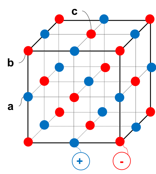 +と-が規則正しく配列し、そのくり返し単位を単位格子という。
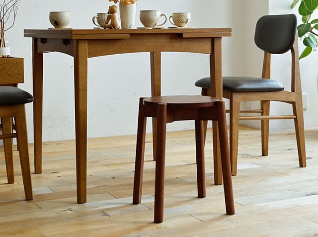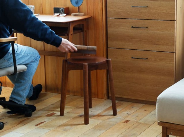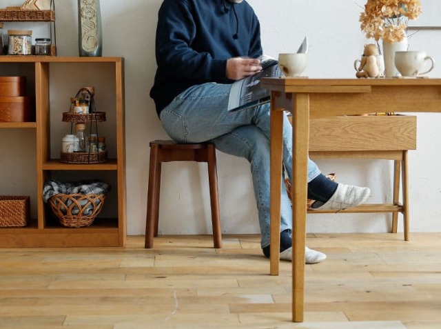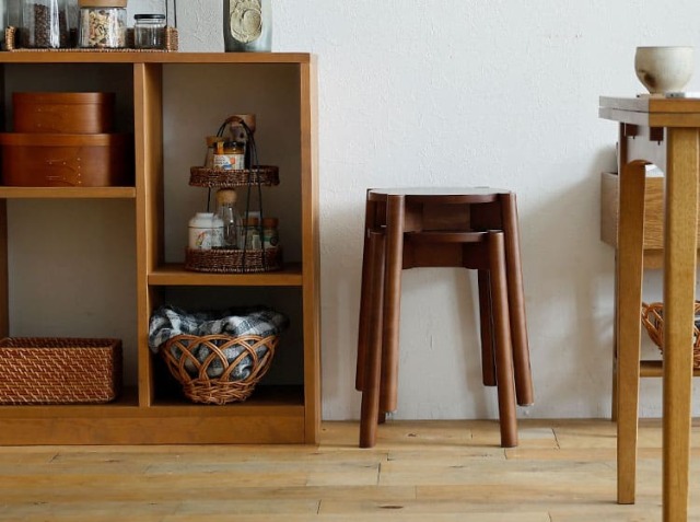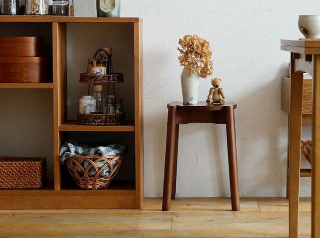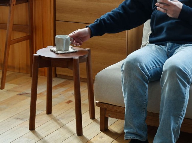 例えば、急な来客時でもサッと食卓に配置して座る場所を確保できたり、ソファーのそばに置いてサイドテーブル代わりに使ったり、ベッドのそばに置いて目覚まし時計やスマホなどを置くナイトテーブル代わりに使ったり、玄関に置けば、靴やブーツなどを履くときにも活躍するお家のいたる所で活躍するアイテムがスツール♪
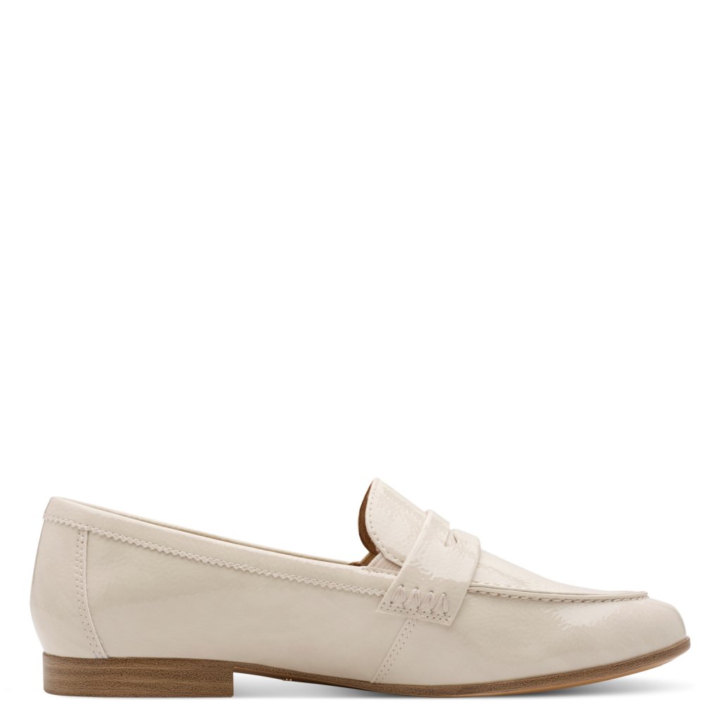Ez a Tamaris lakkozott mokaszin a klasszikus elegancia és a modern luxus tökéletes ötvözete. A finom elefántcsont árnyalat és a magasfényű felület kifinomult megjelenést kölcsönöz a cipőnek, amely azonnal feldobja bármely üzleti vagy alkalmi viseletet.

Your goal: Give back the whole listing exactly; no pictures.

Solution to this exercise:
 +と-が規則正しく配列し、そのくり返し単位を単位格子という。
 例えば、急な来客時でもサッと食卓に配置して座る場所を確保できたり、ソファーのそばに置いてサイドテーブル代わりに使ったり、ベッドのそばに置いて目覚まし時計やスマホなどを置くナイトテーブル代わりに使ったり、玄関に置けば、靴やブーツなどを履くときにも活躍するお家のいたる所で活躍するアイテムがスツール♪
Ez a Tamaris lakkozott mokaszin a klasszikus elegancia és a modern luxus tökéletes ötvözete. A finom elefántcsont árnyalat és a magasfényű felület kifinomult megjelenést kölcsönöz a cipőnek, amely azonnal feldobja bármely üzleti vagy alkalmi viseletet.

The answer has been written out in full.